Äkim of Ulytau Region
- Incumbent
- Assumed office 17 July 2026
- President: Kassym-Jomart Tokayev
- Preceded by: Dastan Ryspekov

Personal details
- Born: 23 October 1986 (age 39) Barshyn, Nura, Karaganda Region, Kazakh SSR, Soviet Union
- Children: 3
- Education: Humanities and Law College
- Alma mater: Kazakh Humanitarian Law University (LLB) Karagandy State University (BEc)

= Eset Baiken =

Kazakh politician (born 1986)

Eset Berikūly Baiken (Есет Берікұлы Байкен; born 23 October, 1986) is a Kazakh politician serving as akim of Ulytau Region since 2026.

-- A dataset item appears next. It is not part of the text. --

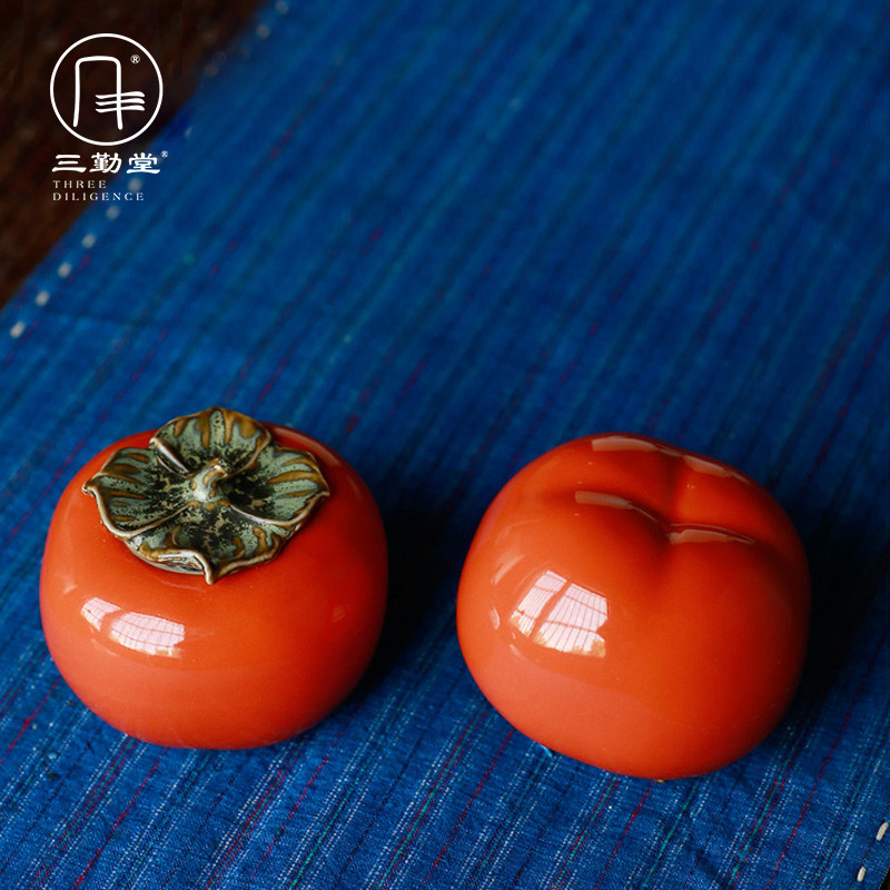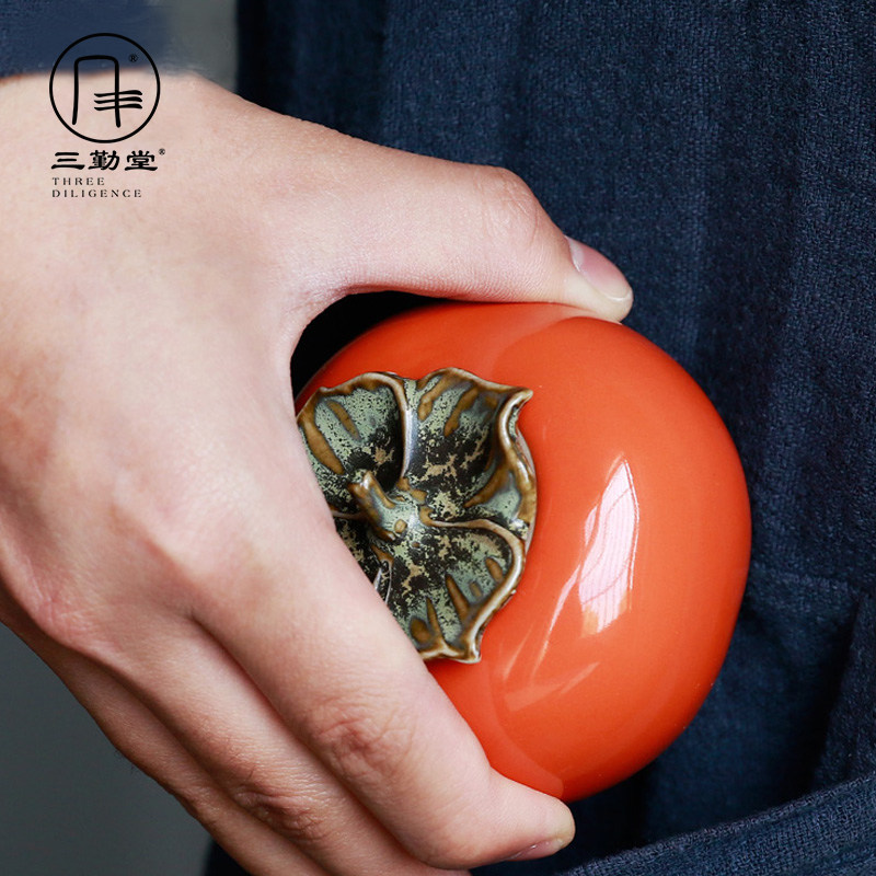 Three-diligence persimmon small tea leaf jar small number portable ceramic sealing woke tea jar tea cabin good looking net red pendulum piece

== Early life and education ==
Eset Berikuly Baiken was born on October 23, 1986, in Barshyn, a village in Nura District, Karaganda Region, Kazakh Soviet Socialist Republic, Soviet Union (now Kazakhstan).

In 2005, Eset Baiken graduated from the Humanities and Law College under Kazakh Humanitarian Law University (now Maqsut Narikbayev University). He studied at the Kazakh Humanitarian Law University received a LLB in 2008, and earned a BEc from the Karagandy State University in 2010.

== Career ==
After graduating from the Kazakh Humanitarian Law University in Astana, Eset Baiken joined the City Department of Economy and Budget Planning. From December 2008 to July 2009 he served as a leading specialist in the Section of Investment Policy and Planning, and from July 2009 to October 2010 he was the Section's chief specialist. In 2010–2011 he worked in the Section of Legal Support and Procurement of the City Department of Economy and Budget Planning, and from 2011 to 2013 he held the same position in the Department of Socio‑Cultural Affairs of the akim's Office of Imangali Tasmagambetov.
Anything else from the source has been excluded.